Within that national picture, Greater Manchester devolution has brought real benefits to Bolton, such as shared elective hub capacity to cut backlogs, region-wide diagnostics collaboration and practical schemes such as the Greater Manchester dental access programme. When our region works together, it saves lives. But we must also be honest: Bolton can disappear into Greater Manchester averages that mask local pressures, and deficit controls and top-slicing can threaten to stall Bolton-specific plans. Yesterday’s meeting of the Bolton locality board warned that the biggest risk facing the system is the financial challenge facing health, and that a region-wide deficit could derail development plans, with an £800,000 shortfall for Bolton itself. My ask is simple: give Bolton its fair share, and do not leave us behind.
When I talk to people in Bolton, they do not ask for miracles; they ask for fairness. They want to know that if their child is sick, someone will answer the phone and give them an appointment, that if their mum needs a scan, it will not take months and that if they work hard and pay their taxes, their town will not be forgotten. For too long, those basic expectations were treated as too much—but not any more. We are now seeing meaningful progress in urgent care, waiting lists and a renewed focus on women’s and children’s health—but progress must be made within Bolton and not around it.

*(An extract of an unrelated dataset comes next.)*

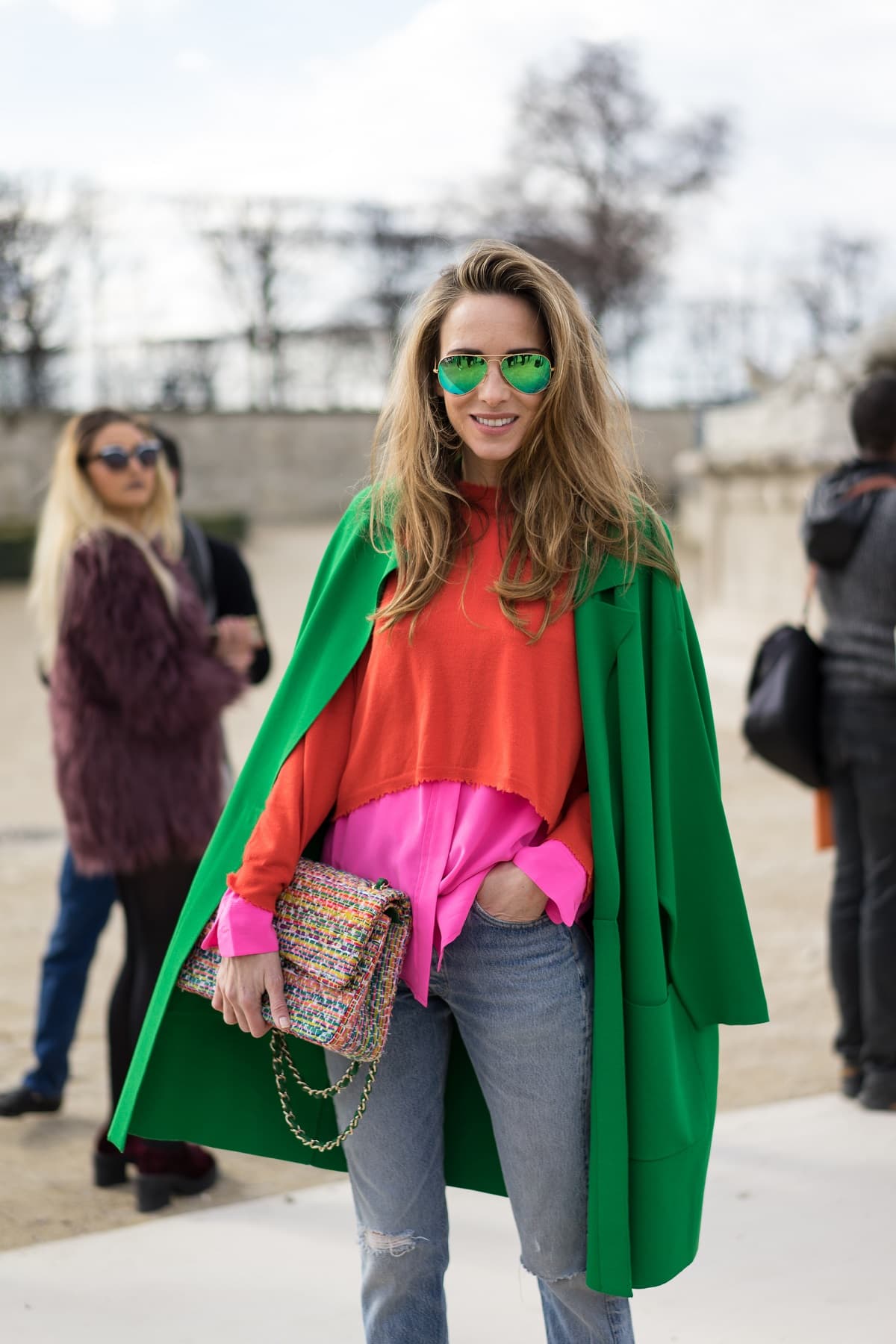 Arriésgate usando tonos vibrantes en tu capa y combínalos con unos jeans para dar un equilibrio a tu atuendo.

We are a proud town with brilliant NHS staff and a community who show up for each other. Bolton must never be left behind again—not in women’s health, diagnosis or the budget lines that can decide our fate. With the determination of our community, and a Labour Government that back us, we will not be left behind. I look forward to the Minister’s response.
I thank hon. Members from both sides of the House who have taken part in this debate, and I thank the Minister for her response, in which she touched on a broad range of subjects.

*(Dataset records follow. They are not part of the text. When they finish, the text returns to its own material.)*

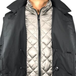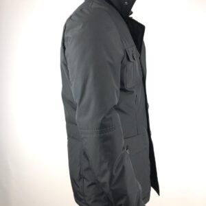 tessuto tecnico, senza applicazioni, tinta unita, doppiopetto, bottoni, collo alto, multitasche, maniche lunghe, interno in piuma d’anatra, contiene parti non tessili di origine animale, modello sahariana
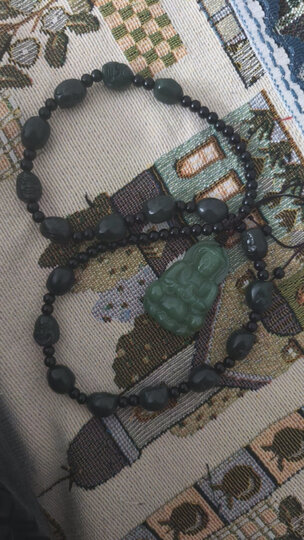 和田玉吊坠挂绳十八罗汉项链青玉圆珠油青链绳墨玉炫石为玉男女款 十八罗汉项链
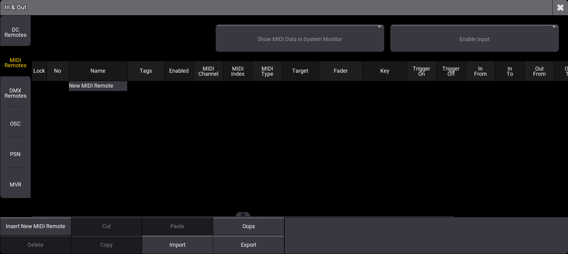 - Open Menu - In & Out - MIDI Remotes.
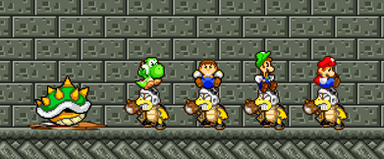 First you've heard of "Kick the Baby" and "Kick The Cheat". Now how about Kick the Toad? no. Well that's what Mario did anyway.Sprites by
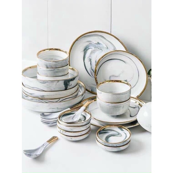 + Bộ bát đĩa được thiết kế sang trọng, hiện đại cùng màu sắc trang nhã, viền mạ vàng nổi bật chắc chắn sẽ tạo thêm sự trang trọng, lịch thiệp cho bàn ăn
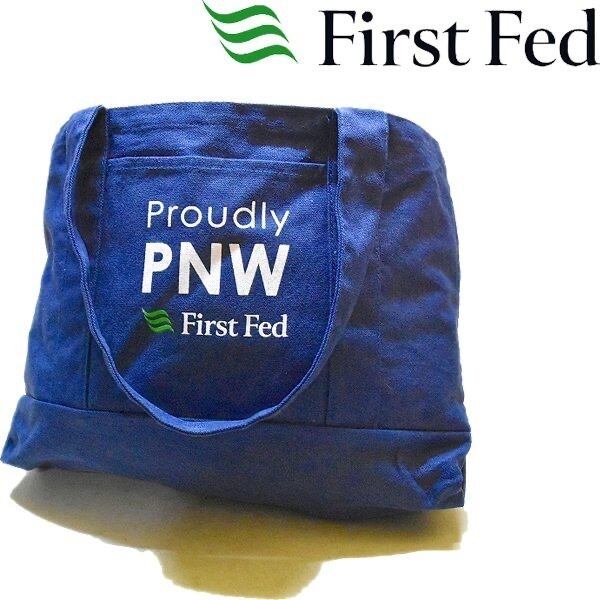 1点物◆FIRST FED企業ロゴ紺トートバッグ鞄カバン古着メンズレディースOKアメカジ90sストリート/スポーツMixエコバッグ中古プリント558130

I am grateful to the hon. Member for Winchester (Dr Chambers) for highlighting the regional inequalities, which are particularly important, and for touching on the impact of child poverty and the importance of good-quality nutrition. I will not reiterate the impact that the last Conservative Government had on Bolton, but I commend the hon. Member for Hinckley and Bosworth (Dr Evans) for his work on mental health, and specifically men’s mental health, which is such an important area.

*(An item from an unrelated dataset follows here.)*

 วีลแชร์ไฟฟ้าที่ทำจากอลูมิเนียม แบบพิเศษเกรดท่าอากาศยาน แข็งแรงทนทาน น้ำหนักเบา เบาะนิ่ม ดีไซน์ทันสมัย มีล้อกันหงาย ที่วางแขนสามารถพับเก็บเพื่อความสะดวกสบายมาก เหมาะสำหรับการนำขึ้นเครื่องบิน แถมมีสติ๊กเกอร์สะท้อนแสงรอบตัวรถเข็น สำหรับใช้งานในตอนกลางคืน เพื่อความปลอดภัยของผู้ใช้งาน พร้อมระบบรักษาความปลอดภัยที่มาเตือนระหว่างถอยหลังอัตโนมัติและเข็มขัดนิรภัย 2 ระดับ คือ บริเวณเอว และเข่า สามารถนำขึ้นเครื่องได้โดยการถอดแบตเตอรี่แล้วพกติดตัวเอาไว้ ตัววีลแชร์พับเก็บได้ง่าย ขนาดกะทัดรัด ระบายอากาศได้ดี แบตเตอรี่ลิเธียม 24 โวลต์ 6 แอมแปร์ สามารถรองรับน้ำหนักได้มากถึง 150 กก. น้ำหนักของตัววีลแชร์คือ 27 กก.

Finally, I am incredibly grateful to my hon. Friend the Member for Bolton South and Walkden (Yasmin Qureshi) for her tireless support—the three Bolton MPs have a strong partnership. I was struck by her statement that primary care needs consistency to provide support, not just capacity. That is a strong message.
I am grateful to hear that the Minister has met the CEO of Bolton hospital, and I am pleased to hear that we are making progress, which is being felt. However, I will continue to work with my fellow Bolton MPs to ensure that Bolton is not left behind, and to ensure that we continue to make progress in the right direction.
Question put and agreed to.
Resolved,
That this House has considered healthcare in Bolton.